### Exercise aim
The reply should hold only the lines below beginning at the one with "На Никитском бульваре" and ending at the one with "3月,国际经管学院召开本科生", copied exactly, with every picture left out.
======== Supplied records
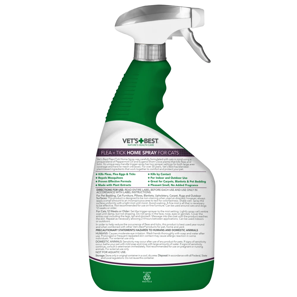 VET’S BEST FLEA AND TICK HOME SPRAY FOR CATS kills fleas, flea eggs, and ticks by contact. Our formula also repels mosquitos!
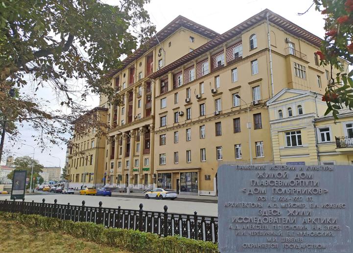 На Никитском бульваре в Москве стоит дом, построенный в 1936 г. для работников Главсевморпути. Полярники в то время воспринимались так, как в 1960-е гг. космонавты, ведь Арктика тогда была символом недоступности. Здесь жил весь лётный состав, асы, в том числе и полярный лётчик, Герой Советского Союза Анатолий Дмитриевич Алексеев (илл. 74).
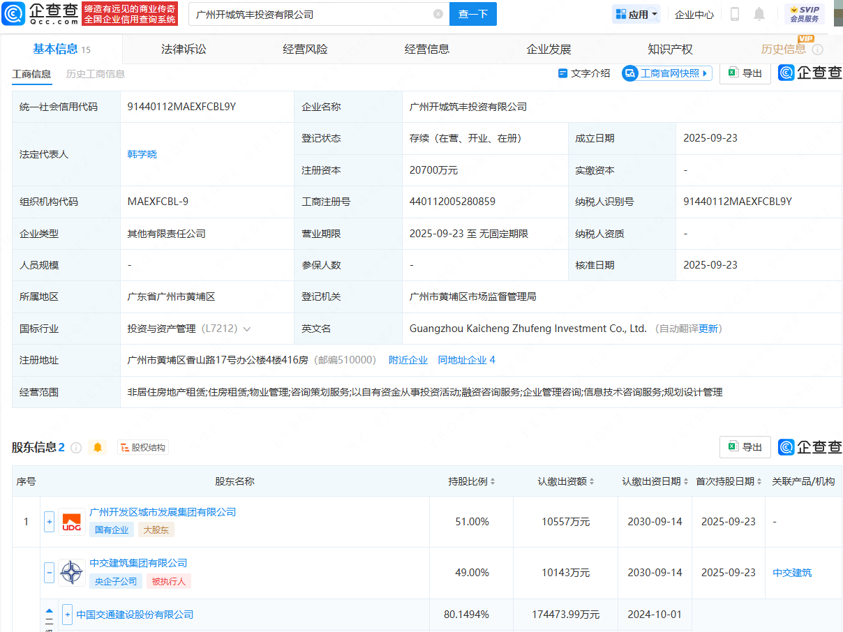近日金惠配资,广州开城筑丰投资有限公司成立,法定代表人为韩学晓,注册资本为2.07亿元,经营范围包含:非居住房地产租赁;住房租赁;物业管理;咨询策划服务;以自有资金从事投资活动等。企查查股权穿透显示,该公司由广州开发区城市发展集团有限公司、中国交建(601800)控股子公司中交建筑集团有限公司共同持股。
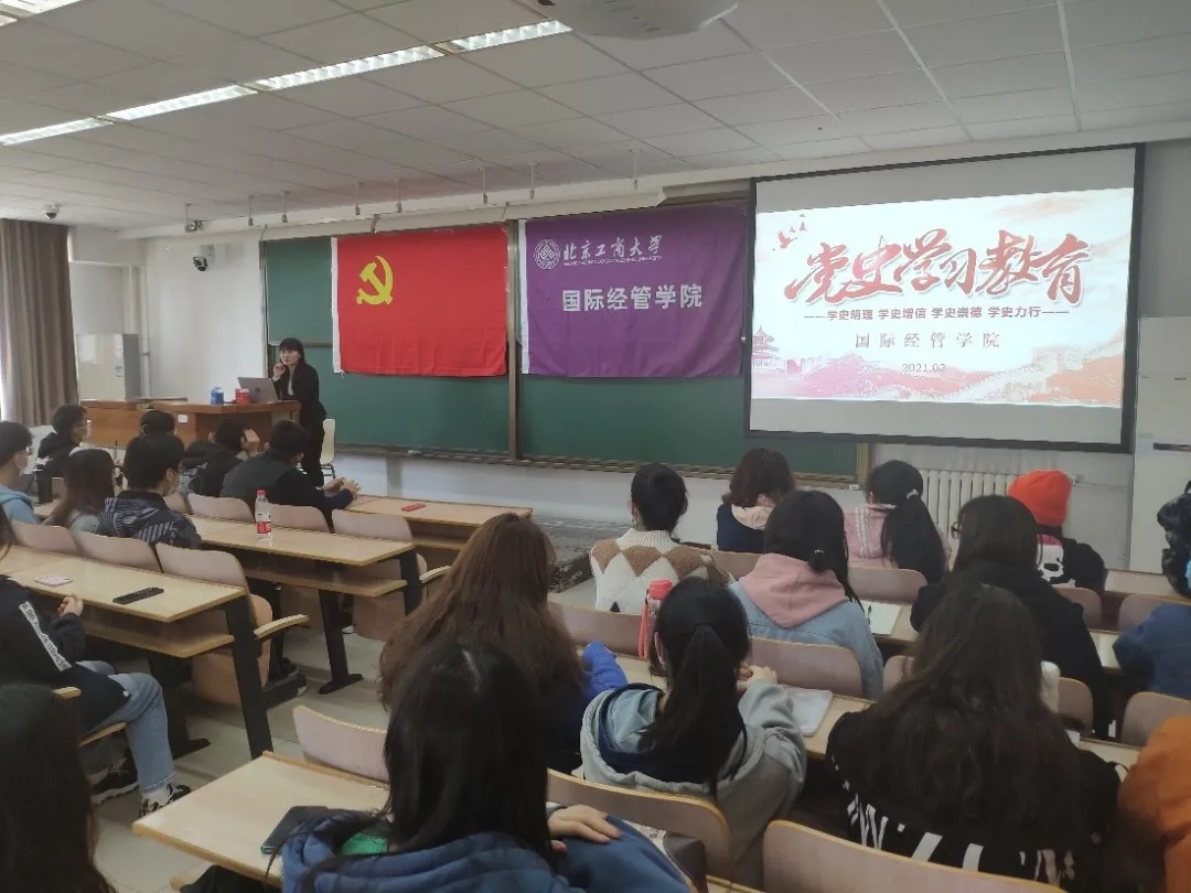 3月,国际经管学院召开本科生党史学习教育动员大会,要求全体学生党员深入学习领会习近平总书记在党史学习教育动员大会上的重要讲话精神,认真完成学院党史学习教育各项安排,确保党史学习教育取得实效,从党史学习教育中汲取信仰、智慧和力量,理论结合实践,积极参与到党史的学习实践活动,发挥党员的榜样示范作用,以昂扬的姿态迎接中国共产党成立100周年。学生党员通过多种形式开展体验式、沉浸式、研讨式学习,集体学习“首都百万师生同上一堂党史课”网络公开课,感悟共产党百年不渝的初心使命,坚定永远跟党走的决心,建功立业新时代。
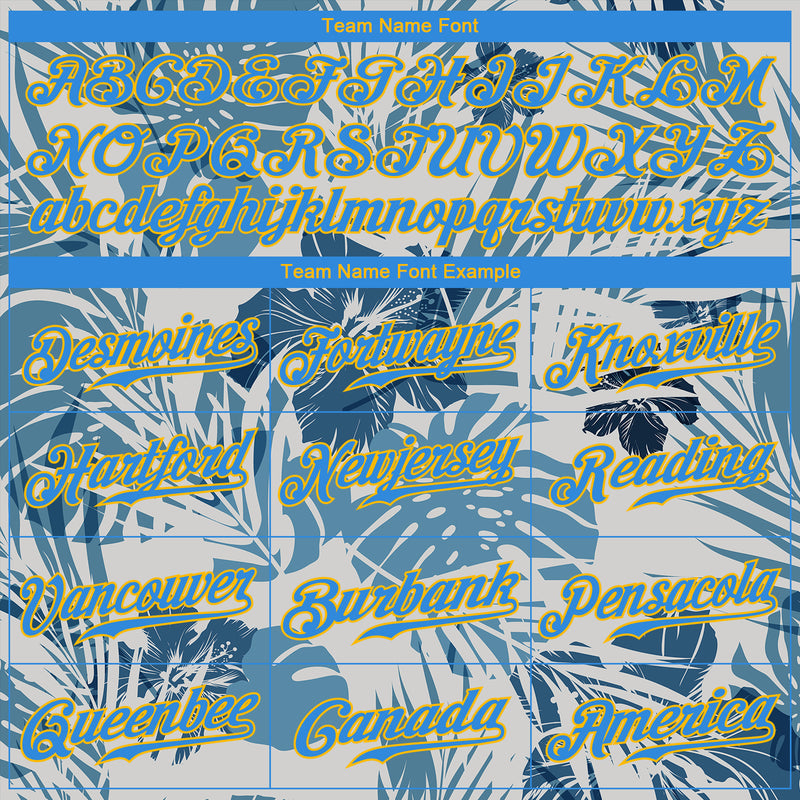 Custom White Electric Blue-Gold 3D Pattern Design Hawaii Palm Leaves And Flowers Authentic Baseball Jersey
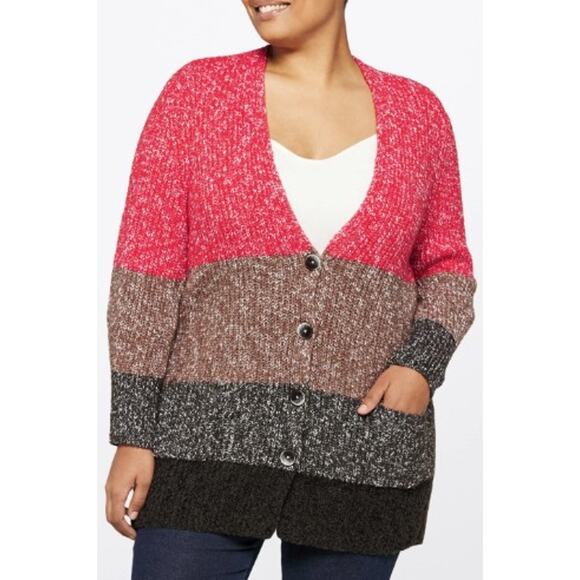 Nic + Zoe V Neck Button Front Warm Ember Cardigan Sweater Multi Striped Size XL
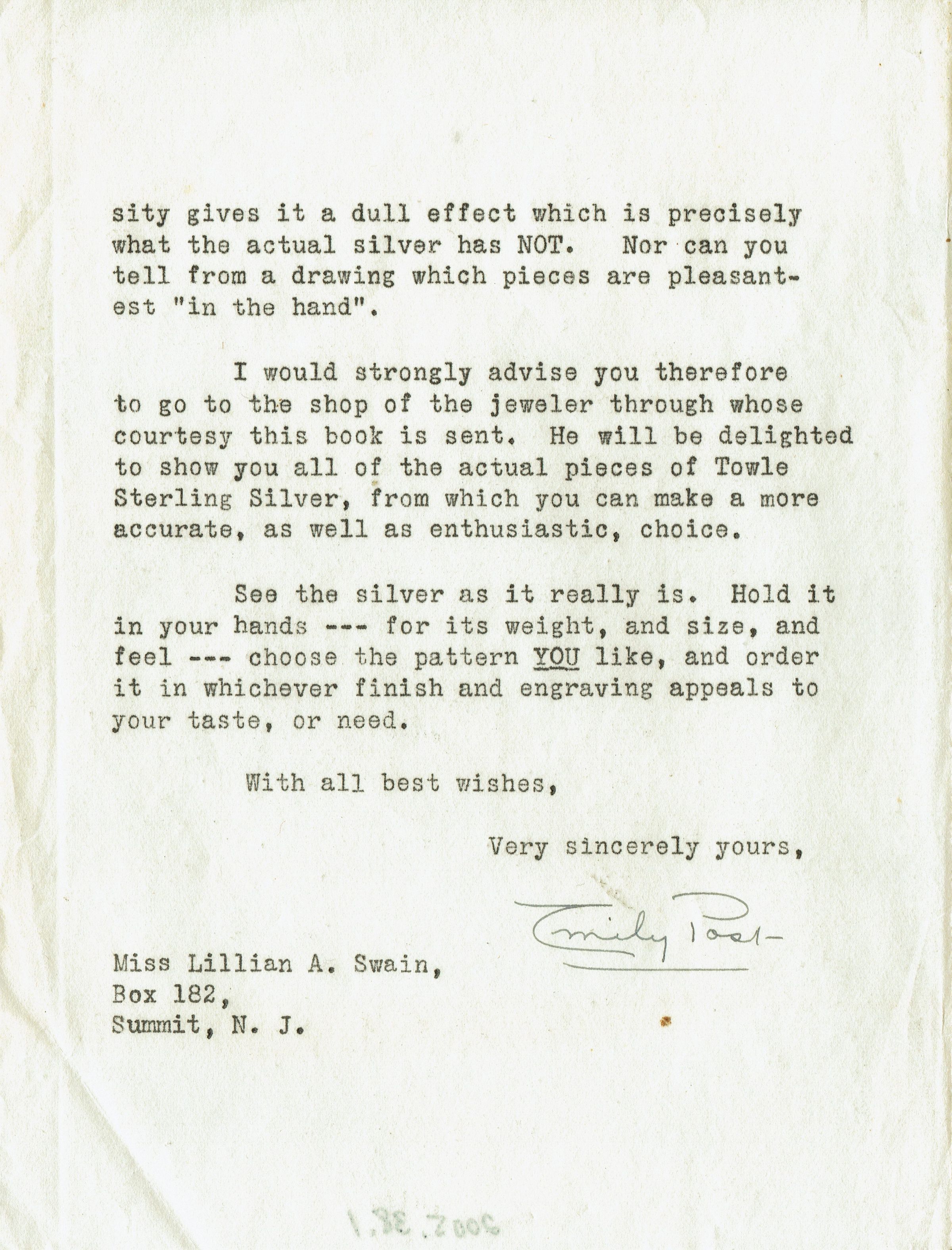 Swain: Emily Post Autograph Letter to Lilian Swain, 1930Entry/Object ID
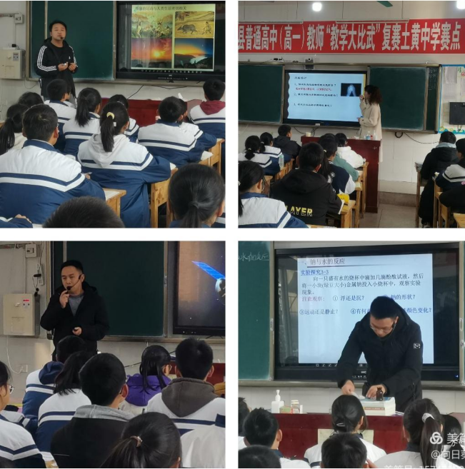 9日上午第三节, 涉及四门学科的八名参赛教师,走进土黄中学高一课堂,自选上课内容,展示教学风采。他们不愧是经过了初选的学科骨干,他们的教学基本功扎实,学科素养过硬,教学内容把握准确,教学方法多样,课堂氛围融洽,组织教学张驰有度。
================
### Answer
 На Никитском бульваре в Москве стоит дом, построенный в 1936 г. для работников Главсевморпути. Полярники в то время воспринимались так, как в 1960-е гг. космонавты, ведь Арктика тогда была символом недоступности. Здесь жил весь лётный состав, асы, в том числе и полярный лётчик, Герой Советского Союза Анатолий Дмитриевич Алексеев (илл. 74).
近日金惠配资,广州开城筑丰投资有限公司成立,法定代表人为韩学晓,注册资本为2.07亿元,经营范围包含:非居住房地产租赁;住房租赁;物业管理;咨询策划服务;以自有资金从事投资活动等。企查查股权穿透显示,该公司由广州开发区城市发展集团有限公司、中国交建(601800)控股子公司中交建筑集团有限公司共同持股。
 3月,国际经管学院召开本科生党史学习教育动员大会,要求全体学生党员深入学习领会习近平总书记在党史学习教育动员大会上的重要讲话精神,认真完成学院党史学习教育各项安排,确保党史学习教育取得实效,从党史学习教育中汲取信仰、智慧和力量,理论结合实践,积极参与到党史的学习实践活动,发挥党员的榜样示范作用,以昂扬的姿态迎接中国共产党成立100周年。学生党员通过多种形式开展体验式、沉浸式、研讨式学习,集体学习“首都百万师生同上一堂党史课”网络公开课,感悟共产党百年不渝的初心使命,坚定永远跟党走的决心,建功立业新时代。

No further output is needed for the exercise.